- 7" single cover

Single by Amanda Lear
- B-side: "Darkness and Light"
- Released: 1983
- Genre: Synthpop
- Length: 4:26
- Label: Ariola Records
- Songwriters: Peter Lüdemann, Alf Schwegeler, Amanda Lear
- Producer: Peter Lüdemann

Amanda Lear singles chronology
| "Incredibilmente donna" (1982) | "Love Your Body" (1983) | "No Regrets" (1983) |

Alternative cover
- 12" single cover

= Love Your Body =

"Love Your Body" is a song by French singer Amanda Lear released in 1983 by Ariola Records.

==Song information==
The song was written by Peter Lüdemann, Alf Schwegeler and Amanda Lear, and was produced by Lüdemann. It is a Hi-NRG synthpop track and its lyrics reference the aerobics craze of the early 1980s, hence the caption "It's aerobic time" on the 12" single cover. It was Amanda's last single recorded in Munich and released by German division of Ariola Records. The B-side of the single was "Darkness and Light", stylistically similar to "Love Your Body,” written by Lüdemann and Lear.

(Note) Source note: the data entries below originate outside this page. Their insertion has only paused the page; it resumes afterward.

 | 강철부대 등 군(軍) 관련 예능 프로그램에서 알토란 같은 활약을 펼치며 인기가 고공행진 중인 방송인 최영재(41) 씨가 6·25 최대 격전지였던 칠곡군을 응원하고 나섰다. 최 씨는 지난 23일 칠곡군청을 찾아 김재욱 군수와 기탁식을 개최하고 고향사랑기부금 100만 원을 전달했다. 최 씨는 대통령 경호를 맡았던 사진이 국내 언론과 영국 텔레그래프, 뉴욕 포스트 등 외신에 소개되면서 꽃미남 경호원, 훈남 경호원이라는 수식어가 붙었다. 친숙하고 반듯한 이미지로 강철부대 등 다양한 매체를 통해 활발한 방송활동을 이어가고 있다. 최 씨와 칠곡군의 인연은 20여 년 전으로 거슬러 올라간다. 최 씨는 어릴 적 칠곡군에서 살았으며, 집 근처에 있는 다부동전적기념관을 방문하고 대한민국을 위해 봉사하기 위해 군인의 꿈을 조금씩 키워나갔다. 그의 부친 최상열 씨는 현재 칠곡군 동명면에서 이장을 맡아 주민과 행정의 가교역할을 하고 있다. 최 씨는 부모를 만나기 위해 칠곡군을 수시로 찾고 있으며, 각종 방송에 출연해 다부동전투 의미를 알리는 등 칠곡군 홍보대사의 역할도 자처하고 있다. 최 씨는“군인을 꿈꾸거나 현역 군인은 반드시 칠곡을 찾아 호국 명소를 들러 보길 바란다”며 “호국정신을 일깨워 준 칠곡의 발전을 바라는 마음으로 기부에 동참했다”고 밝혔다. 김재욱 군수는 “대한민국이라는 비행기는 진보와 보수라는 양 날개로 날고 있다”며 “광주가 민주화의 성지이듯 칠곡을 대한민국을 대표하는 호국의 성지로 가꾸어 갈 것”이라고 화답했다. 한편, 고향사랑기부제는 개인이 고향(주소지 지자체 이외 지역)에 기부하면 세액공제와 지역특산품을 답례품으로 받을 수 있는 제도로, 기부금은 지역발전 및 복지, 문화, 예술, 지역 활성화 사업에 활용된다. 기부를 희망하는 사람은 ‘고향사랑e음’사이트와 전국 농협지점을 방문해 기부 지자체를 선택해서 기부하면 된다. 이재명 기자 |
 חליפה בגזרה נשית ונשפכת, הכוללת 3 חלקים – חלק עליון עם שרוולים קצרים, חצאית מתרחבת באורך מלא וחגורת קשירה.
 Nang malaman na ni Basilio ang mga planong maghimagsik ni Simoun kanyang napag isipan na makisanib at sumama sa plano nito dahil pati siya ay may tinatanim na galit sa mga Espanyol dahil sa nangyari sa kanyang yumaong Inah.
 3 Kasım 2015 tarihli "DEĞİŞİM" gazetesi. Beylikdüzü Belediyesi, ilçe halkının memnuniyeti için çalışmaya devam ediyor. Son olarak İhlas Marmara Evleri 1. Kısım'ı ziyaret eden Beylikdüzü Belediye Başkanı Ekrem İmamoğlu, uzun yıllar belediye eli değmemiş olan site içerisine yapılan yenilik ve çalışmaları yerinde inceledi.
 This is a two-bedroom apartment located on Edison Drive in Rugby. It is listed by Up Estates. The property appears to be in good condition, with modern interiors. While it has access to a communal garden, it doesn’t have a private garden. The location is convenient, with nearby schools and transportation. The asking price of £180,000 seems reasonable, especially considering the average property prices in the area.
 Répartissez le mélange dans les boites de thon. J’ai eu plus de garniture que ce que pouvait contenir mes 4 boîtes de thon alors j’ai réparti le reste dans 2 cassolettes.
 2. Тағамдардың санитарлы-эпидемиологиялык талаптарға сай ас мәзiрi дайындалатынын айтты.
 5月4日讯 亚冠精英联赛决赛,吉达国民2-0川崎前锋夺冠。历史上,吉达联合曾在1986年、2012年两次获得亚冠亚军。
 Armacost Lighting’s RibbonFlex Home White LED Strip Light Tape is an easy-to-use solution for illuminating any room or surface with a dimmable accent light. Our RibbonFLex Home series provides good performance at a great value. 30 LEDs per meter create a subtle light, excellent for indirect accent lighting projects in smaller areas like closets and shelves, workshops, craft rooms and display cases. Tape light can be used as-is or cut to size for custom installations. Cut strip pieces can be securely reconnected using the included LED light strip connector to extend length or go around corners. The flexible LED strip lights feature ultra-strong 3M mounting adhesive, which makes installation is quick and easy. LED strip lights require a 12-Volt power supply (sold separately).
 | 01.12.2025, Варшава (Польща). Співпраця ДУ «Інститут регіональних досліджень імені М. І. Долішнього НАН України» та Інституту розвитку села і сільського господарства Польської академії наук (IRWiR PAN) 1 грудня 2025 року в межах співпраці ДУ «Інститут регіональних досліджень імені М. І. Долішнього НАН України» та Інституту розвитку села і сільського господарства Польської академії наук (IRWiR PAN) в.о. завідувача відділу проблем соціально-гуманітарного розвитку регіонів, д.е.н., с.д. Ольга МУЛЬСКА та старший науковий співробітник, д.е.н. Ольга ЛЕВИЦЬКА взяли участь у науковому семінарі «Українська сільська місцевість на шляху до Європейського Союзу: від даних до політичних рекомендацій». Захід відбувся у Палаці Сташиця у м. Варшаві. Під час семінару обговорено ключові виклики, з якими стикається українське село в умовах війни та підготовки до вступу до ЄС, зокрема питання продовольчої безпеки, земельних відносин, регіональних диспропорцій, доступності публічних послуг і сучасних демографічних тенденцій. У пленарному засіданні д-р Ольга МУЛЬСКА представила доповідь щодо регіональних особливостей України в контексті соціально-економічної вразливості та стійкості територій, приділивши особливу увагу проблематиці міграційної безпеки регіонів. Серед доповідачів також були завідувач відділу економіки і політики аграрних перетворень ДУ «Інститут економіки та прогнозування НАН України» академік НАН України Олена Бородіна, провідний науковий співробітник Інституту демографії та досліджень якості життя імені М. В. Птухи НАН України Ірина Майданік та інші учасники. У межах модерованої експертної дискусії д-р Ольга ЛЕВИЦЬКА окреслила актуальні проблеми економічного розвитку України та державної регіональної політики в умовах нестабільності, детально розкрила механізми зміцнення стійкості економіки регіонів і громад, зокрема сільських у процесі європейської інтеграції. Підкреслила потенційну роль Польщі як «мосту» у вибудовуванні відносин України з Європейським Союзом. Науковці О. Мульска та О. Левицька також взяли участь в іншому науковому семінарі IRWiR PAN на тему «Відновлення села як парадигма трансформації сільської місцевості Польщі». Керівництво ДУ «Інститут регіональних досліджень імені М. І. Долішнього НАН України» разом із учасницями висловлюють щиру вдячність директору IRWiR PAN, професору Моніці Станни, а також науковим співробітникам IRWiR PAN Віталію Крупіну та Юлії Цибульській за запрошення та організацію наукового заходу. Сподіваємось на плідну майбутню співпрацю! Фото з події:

"Love Your Body"/"Darkness and Light" was released as a standalone single between Lear's fifth and sixth studio album. Despite considerable promotion on TV, it met with minor success and only charted in Belgium. Both songs had not appeared on an album until 2006, when the 3 CD box set The Sphinx – Das Beste aus den Jahren 1976–1983 was released in Germany.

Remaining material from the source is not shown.